Dopo aver commentato ancora qualche loculo insieme, mostro a Davide il punto da cui ho scattato una fotografia in cui si vede un cartello della tangenziale con scritto “parcheggi” e una grande freccia che punta verso il basso, indicando esattamente i loculi. Un crudele gioco di prospettiva. Davide ride.

Durante l’intervista del 3 maggio 2016 l’ingegner Marzio Sartorel mi segnala come a lui disturbi molto di più la presenza di un confine territoriale, ovvero le mura perimetrali del cimitero, piuttosto che il suono della città in cui esso è inserito.

MARZIO: La domanda che io mi faccio qual è il senso di un cimitero. Perché andare a celebrare la memoria del defunto?

GIOVANNA: Beh ma in realtà da quello he ho capito è quasi sempre perché serve a te come persona per rielaborare.
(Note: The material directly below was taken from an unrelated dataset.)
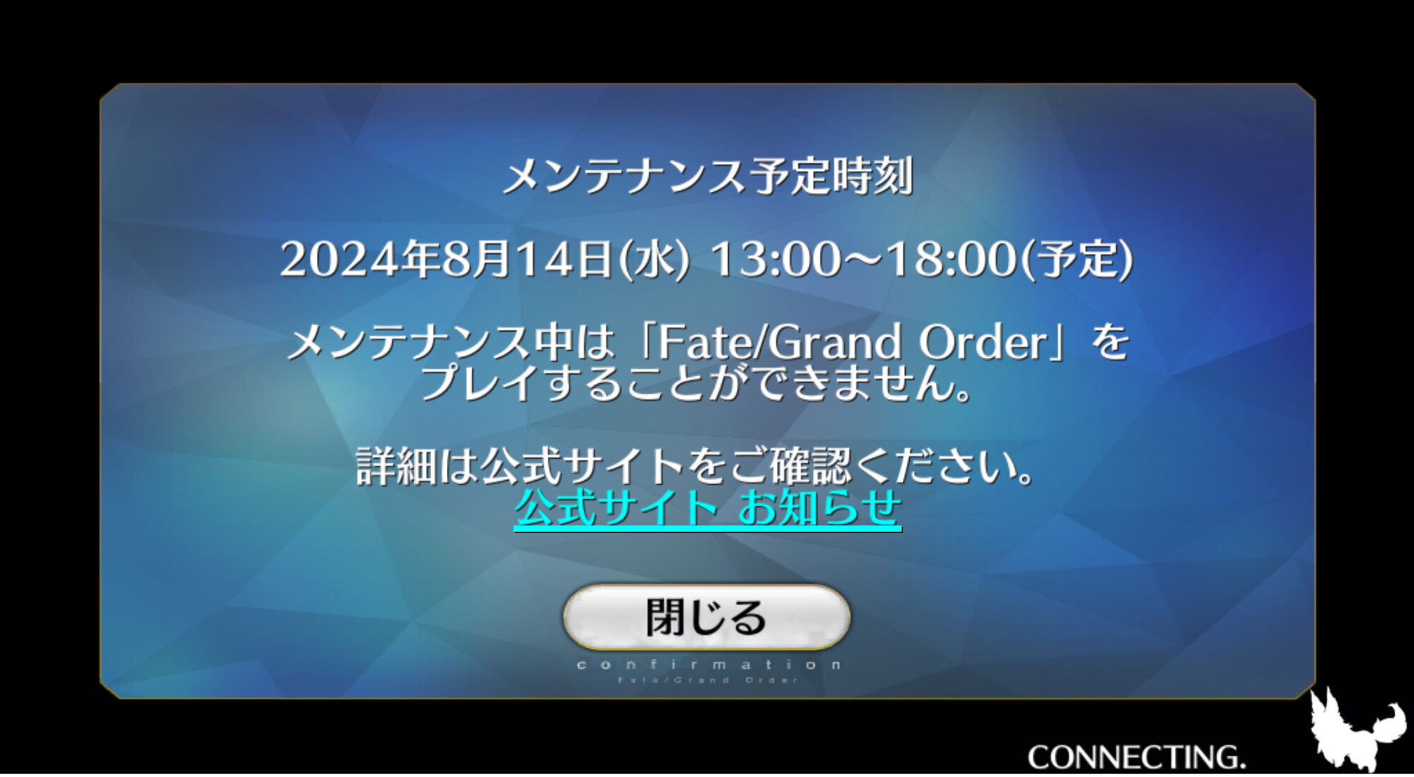 ソーナンス!メンテ中だ。(他言語版の)FGOプレイしよう。

M.: Sì ma perché ti serve un luogo fisico?

G.: Eh perché sembra che questa cosa di avere un luogo dove tornare sia in un certo senso una terapia quasi per superare la cosa.
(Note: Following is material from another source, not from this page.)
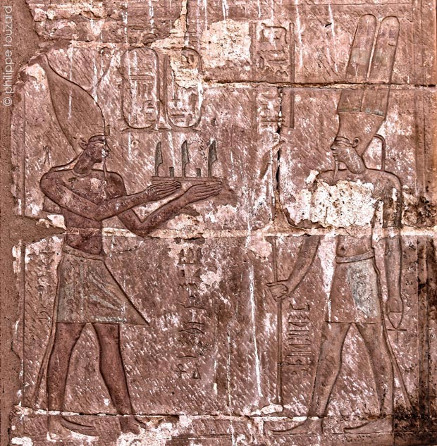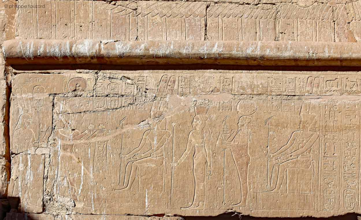 En dessous ldu disque ailé, Ptolémée III suivi de la reine Bérénice II offre du vin à la Triade Thébaine

G.: Mmmm di formazione culturale, però in realtà c’è anche in altre culture come ovviamente in altre culture c’è il discorso di reintegrare il defunto nella natura e nel luogo in cui diciamo vivono altri gruppi sociali.

M.: Bettiolo, la prima foto qui a sinistra. [Marzio ridendo mi indica un loculo, il cognome sulla lapide è lo stesso del nostro comune amico Bettiolo, l’architetto che ho intervistato durante la mia ricerca sul campo.]
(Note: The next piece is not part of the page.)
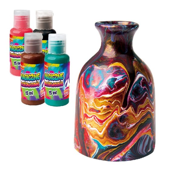 - w zestawie: 1 x wazon do pomalowania, 1 x kubeczek do odmierzania, 1 x papierowy talerzyk, 1 x wodoodporna mata, 1 x para foliowych rękawiczek, 4 x farbka 15 ml;

G.: Oddio può essere una macabra foto…invece a me aveva molto fatto impressione all’inizio il discorso del cavalcavia, della rampa, cioè questa cosa…

M.: Che ci passi sopra?

G.: Sì. Invece poi parlando con le altre persone… M.: No anche a me non da…

G.: Non ti da fastidio?

M.: No…anzi avendo visto in altri stati, in altre nazioni come concepiscono il cimitero a me quasi quasi infastidisce di più il fatto che ci siano muri che tendono a nasconderlo!

G.: Ok, però quello…c’è comunque il muro che separa, da noi.

M.: Qui c’è il muro, eh, ma per esempio non mi ricordo se in Slovenia o in Ungheria, forse in Ungheria…in realtà non c’era.

G.: Beh, per i musulmani non c’è per esempio… M.: Lì c’era una recinzione semplicissima, una rete… G.: Ah c’era la rete?

M.: Sì…se c’era…ma in alcuni casi neanche c’era!

G.: Eh ma secondo me qua c’è sia la separazione che in più, mmmm…in un certo senso mi sembra ipocrita perché c’è sia la separazione che al contempo il fatto

che è sempre più ingloba…inglobato nella città, quindi nell’urbe che alla fine lo sta quasi mangiando, perché hai qui dietro, vedi qua i pali, qui dietro c’è la ferrovia, quindi passa il treno e senti il rumore del treno e non so come facciano quelli che hanno i loculi qui…

M.: Non hanno il raccoglimento che hanno quelli dalle altre parti.

G.: Certamente, no? E lo stesso tutti quelli che…se vuoi ci avviciniamo un po’…tutti quelli che sono da quella parte non so, hanno lo strombazzare dei camion, però… parlando anche con altre persone dicevano eh no secondo me è normale perché comunque sei in una città e nessuno pretende che tu sia nel silenzio della campagna…

M.: Sì anche questo cambia da luogo a luogo, il cittadino di Mestre ha sempre conosciuto questo cimitero, con queste cose che gli stanno intorno, quindi lo assume come normale, la Veronica di turno che arriva dal paesetto di campagna lo vede come una cosa allucinante…cioè è questione di formazione, secondo me…

G.: Sì anche se in realtà era la Veronica che mi diceva è normale! [Scoppio a ridere.]